§ EXERCISE MATERIAL:
----

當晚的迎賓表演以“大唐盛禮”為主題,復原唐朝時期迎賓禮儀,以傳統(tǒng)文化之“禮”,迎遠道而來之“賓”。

----

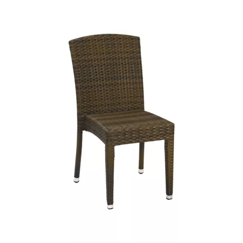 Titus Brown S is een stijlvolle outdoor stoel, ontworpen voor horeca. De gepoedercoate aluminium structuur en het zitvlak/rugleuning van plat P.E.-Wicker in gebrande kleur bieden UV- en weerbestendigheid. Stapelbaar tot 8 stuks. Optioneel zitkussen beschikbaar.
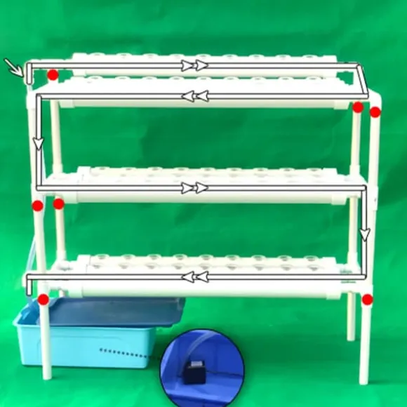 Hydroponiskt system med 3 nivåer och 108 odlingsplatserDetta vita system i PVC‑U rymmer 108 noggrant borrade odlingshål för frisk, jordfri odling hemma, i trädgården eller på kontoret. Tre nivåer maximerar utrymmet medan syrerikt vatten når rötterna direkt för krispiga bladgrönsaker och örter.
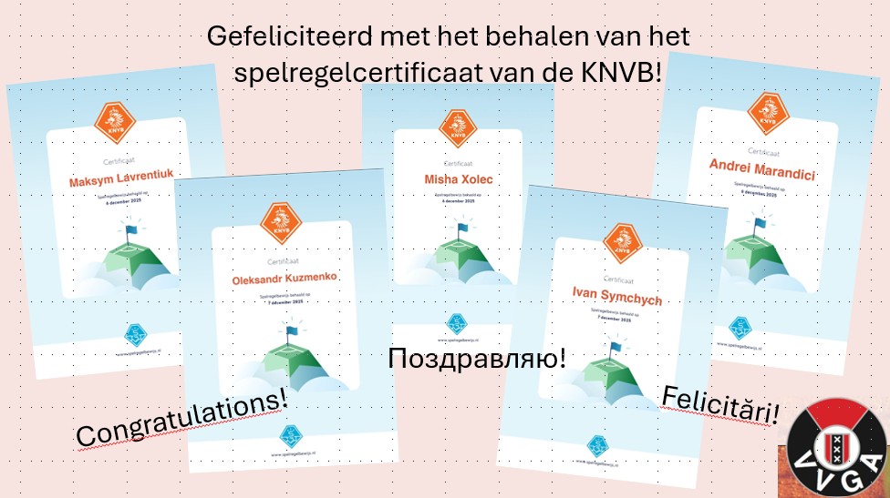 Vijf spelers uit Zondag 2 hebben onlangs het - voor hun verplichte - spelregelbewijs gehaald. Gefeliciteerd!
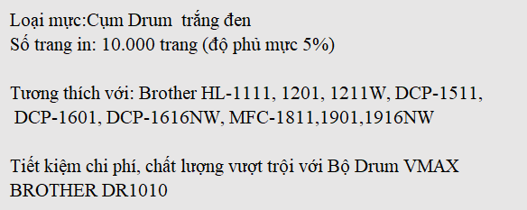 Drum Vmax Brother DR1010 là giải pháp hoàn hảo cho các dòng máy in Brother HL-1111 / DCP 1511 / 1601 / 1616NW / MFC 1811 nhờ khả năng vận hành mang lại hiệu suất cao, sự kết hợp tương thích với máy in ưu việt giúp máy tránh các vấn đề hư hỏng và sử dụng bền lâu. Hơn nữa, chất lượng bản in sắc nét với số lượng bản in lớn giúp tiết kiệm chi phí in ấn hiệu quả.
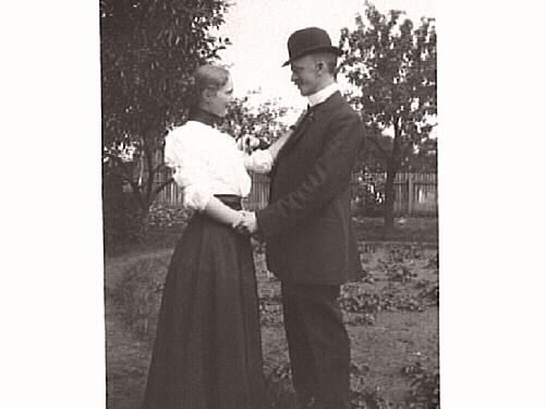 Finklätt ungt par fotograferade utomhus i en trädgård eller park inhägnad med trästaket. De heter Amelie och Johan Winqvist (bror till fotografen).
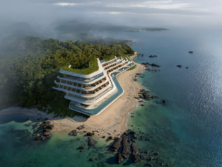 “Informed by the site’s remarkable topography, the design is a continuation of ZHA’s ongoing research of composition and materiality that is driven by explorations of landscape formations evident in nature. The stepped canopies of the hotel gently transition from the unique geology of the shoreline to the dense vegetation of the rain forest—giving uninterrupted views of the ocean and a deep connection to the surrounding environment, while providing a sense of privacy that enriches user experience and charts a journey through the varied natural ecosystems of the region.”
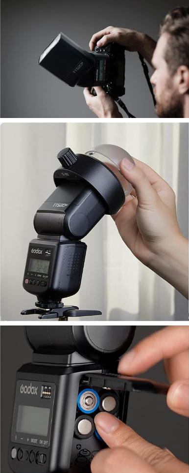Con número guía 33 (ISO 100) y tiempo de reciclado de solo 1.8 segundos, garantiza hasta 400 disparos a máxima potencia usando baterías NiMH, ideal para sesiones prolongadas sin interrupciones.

----

§ TASK DIRECTIONS: Taking the entries above, extract every line from the one bearing "Drum Vmax Brother" through the one bearing "Finklätt ungt par", exactly, with no pictures.

§ OUTPUT OF THE TASK:
 Drum Vmax Brother DR1010 là giải pháp hoàn hảo cho các dòng máy in Brother HL-1111 / DCP 1511 / 1601 / 1616NW / MFC 1811 nhờ khả năng vận hành mang lại hiệu suất cao, sự kết hợp tương thích với máy in ưu việt giúp máy tránh các vấn đề hư hỏng và sử dụng bền lâu. Hơn nữa, chất lượng bản in sắc nét với số lượng bản in lớn giúp tiết kiệm chi phí in ấn hiệu quả.
 Finklätt ungt par fotograferade utomhus i en trädgård eller park inhägnad med trästaket. De heter Amelie och Johan Winqvist (bror till fotografen).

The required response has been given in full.